◆ Task to complete ◆
Below are the entries. Print only the lines starting at the one with "2023年4月13日現在「奇" and ending at the one with "The structured Saudi", exactly, with no pictures.

◆ Material for the task ◆
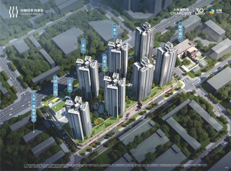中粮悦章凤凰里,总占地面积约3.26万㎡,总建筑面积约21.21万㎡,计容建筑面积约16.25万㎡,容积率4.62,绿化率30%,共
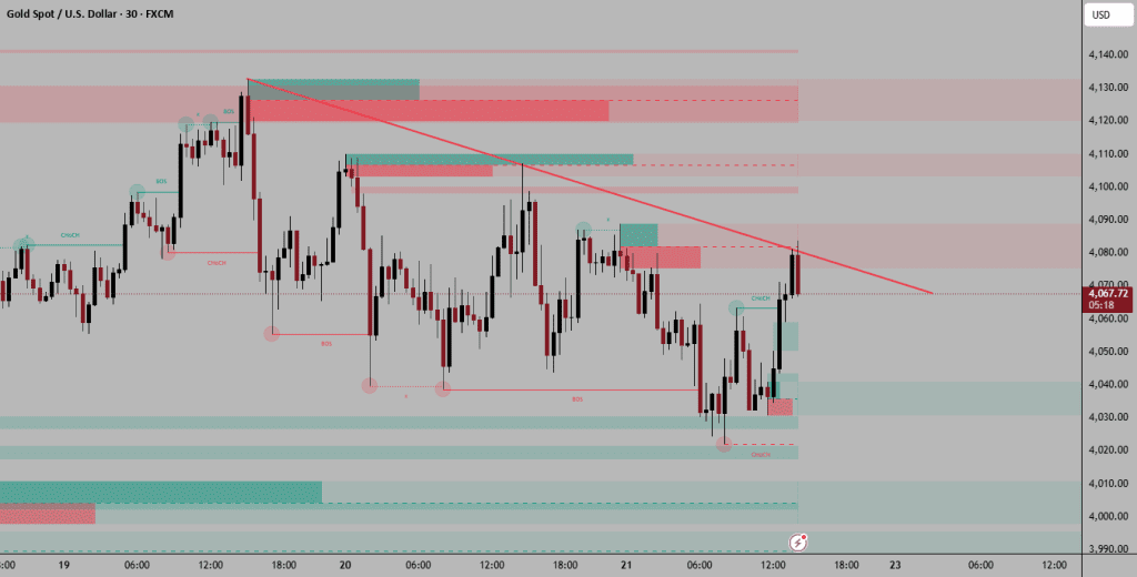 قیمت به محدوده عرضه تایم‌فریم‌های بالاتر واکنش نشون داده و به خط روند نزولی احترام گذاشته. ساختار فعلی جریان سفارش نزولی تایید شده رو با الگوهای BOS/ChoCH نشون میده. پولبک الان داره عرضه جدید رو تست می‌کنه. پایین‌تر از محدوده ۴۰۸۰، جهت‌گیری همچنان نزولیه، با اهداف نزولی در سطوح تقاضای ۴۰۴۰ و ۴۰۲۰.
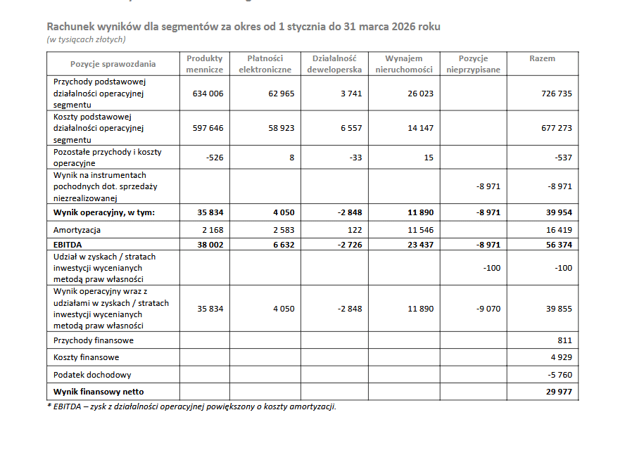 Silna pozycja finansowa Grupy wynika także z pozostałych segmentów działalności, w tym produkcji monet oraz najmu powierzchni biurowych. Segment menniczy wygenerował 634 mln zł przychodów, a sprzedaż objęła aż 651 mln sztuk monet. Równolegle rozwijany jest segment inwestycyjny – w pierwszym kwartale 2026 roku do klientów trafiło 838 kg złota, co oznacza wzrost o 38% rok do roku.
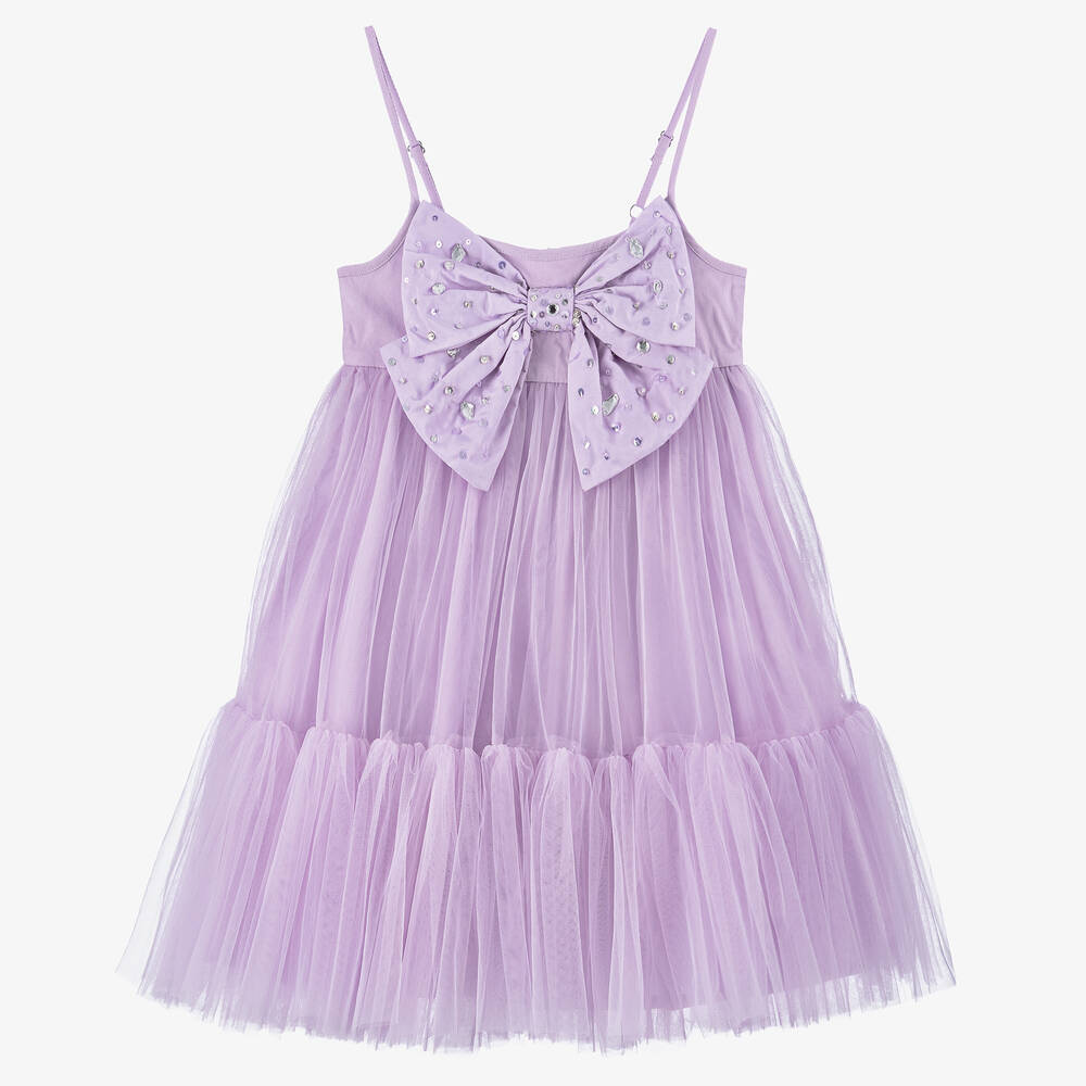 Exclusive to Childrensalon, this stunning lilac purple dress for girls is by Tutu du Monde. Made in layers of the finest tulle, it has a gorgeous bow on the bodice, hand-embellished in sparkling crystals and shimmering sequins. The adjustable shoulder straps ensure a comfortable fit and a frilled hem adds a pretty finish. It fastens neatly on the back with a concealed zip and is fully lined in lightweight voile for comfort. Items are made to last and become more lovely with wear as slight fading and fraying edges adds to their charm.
==
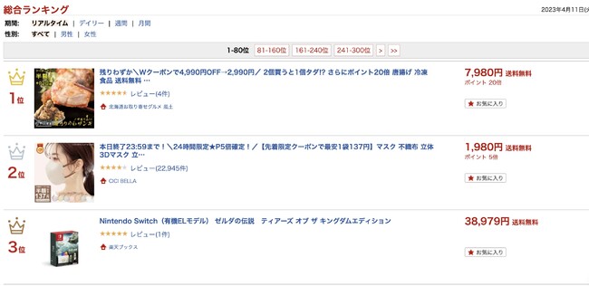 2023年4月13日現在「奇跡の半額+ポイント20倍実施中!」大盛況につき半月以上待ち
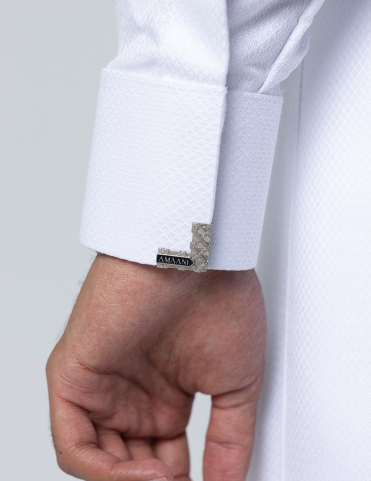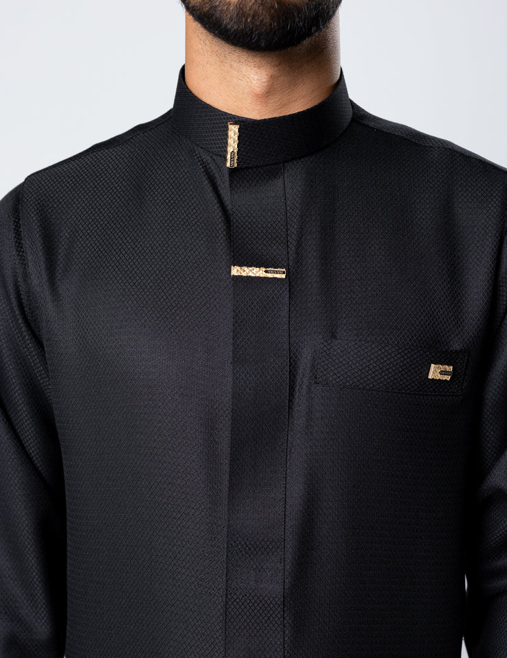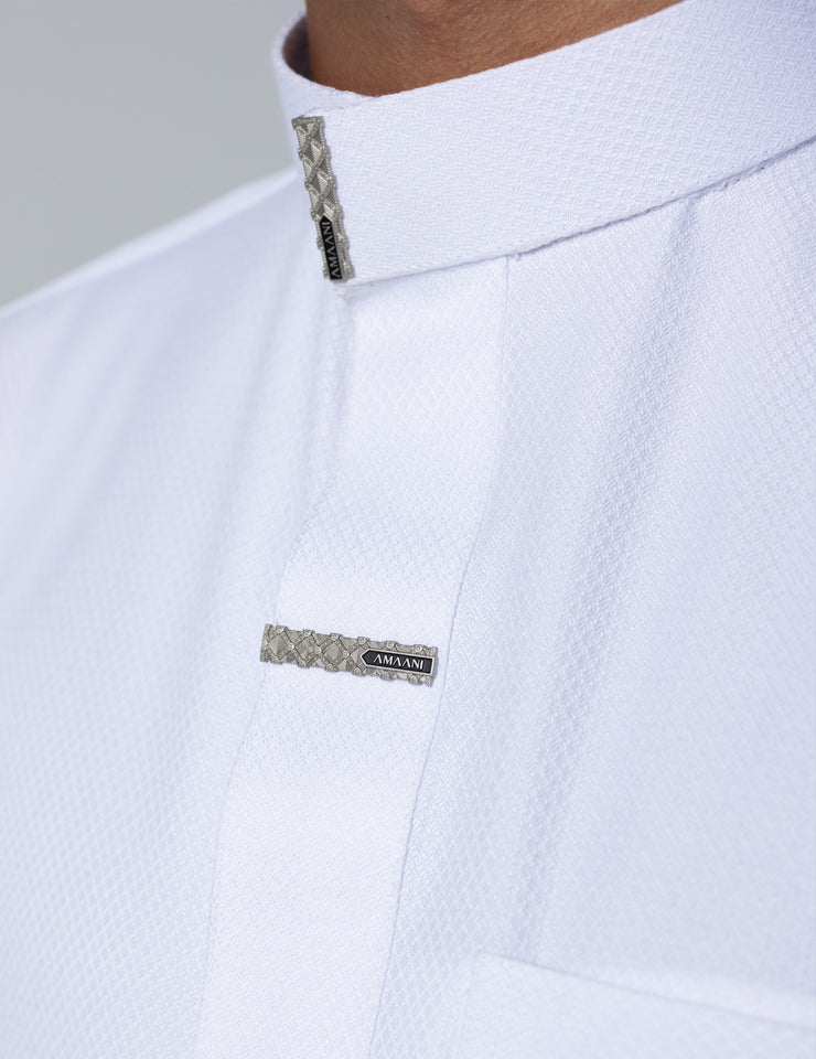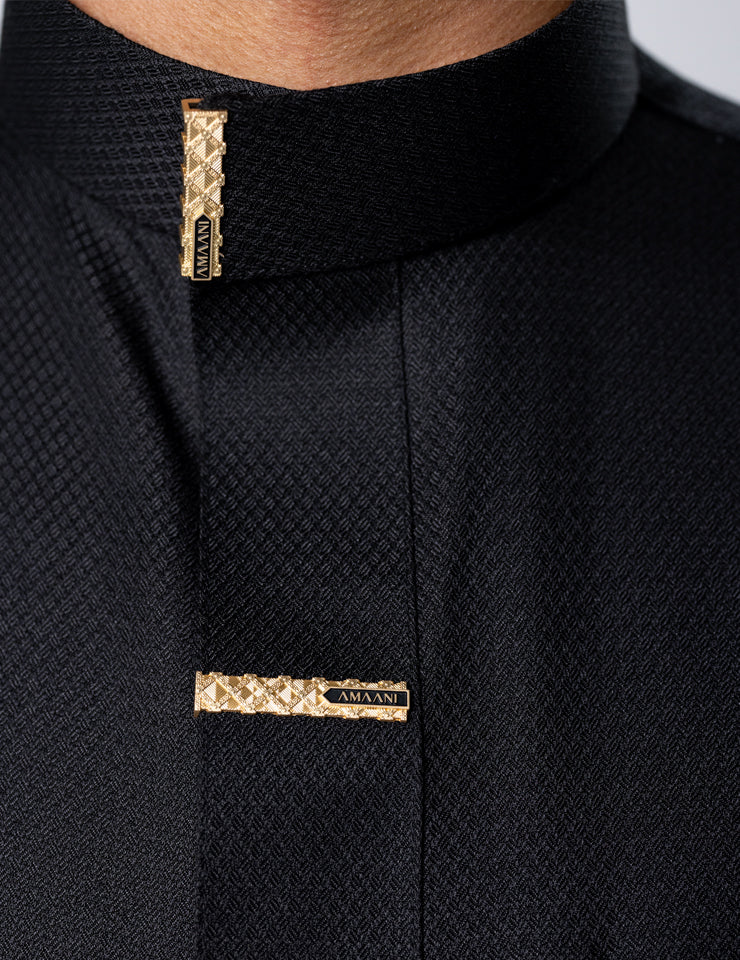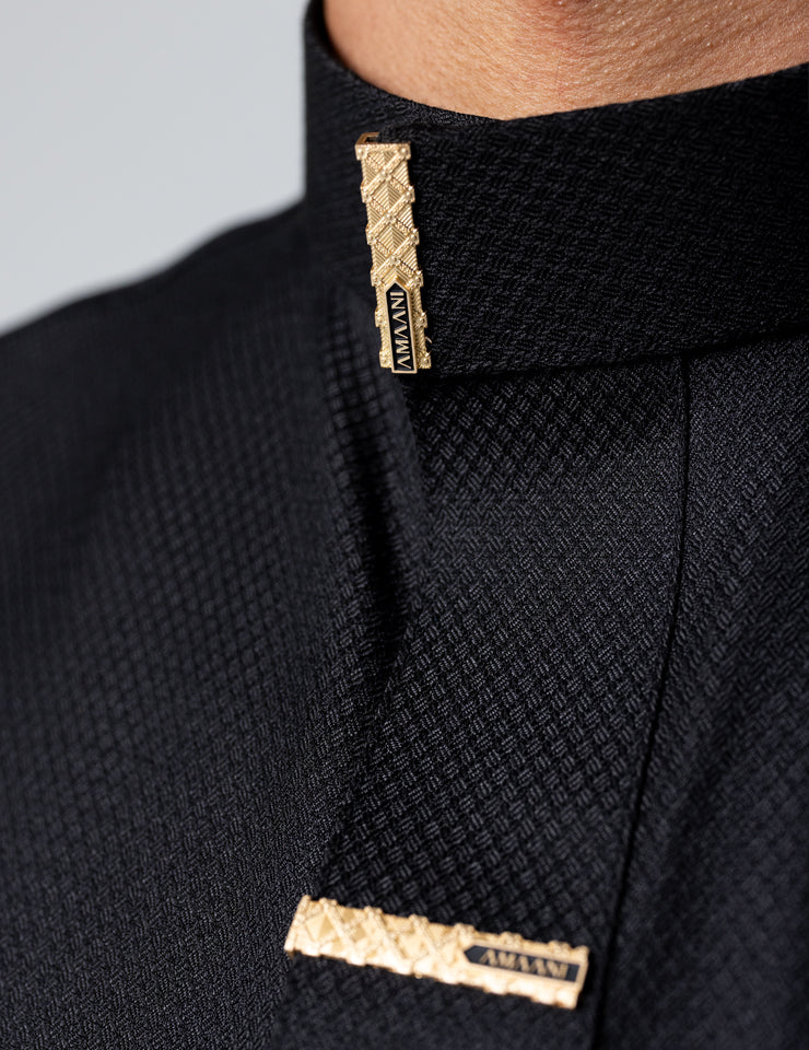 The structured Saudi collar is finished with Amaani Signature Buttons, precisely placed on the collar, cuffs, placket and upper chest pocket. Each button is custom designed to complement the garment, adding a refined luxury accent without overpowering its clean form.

◆ Result ◆
 2023年4月13日現在「奇跡の半額+ポイント20倍実施中!」大盛況につき半月以上待ち
 The structured Saudi collar is finished with Amaani Signature Buttons, precisely placed on the collar, cuffs, placket and upper chest pocket. Each button is custom designed to complement the garment, adding a refined luxury accent without overpowering its clean form.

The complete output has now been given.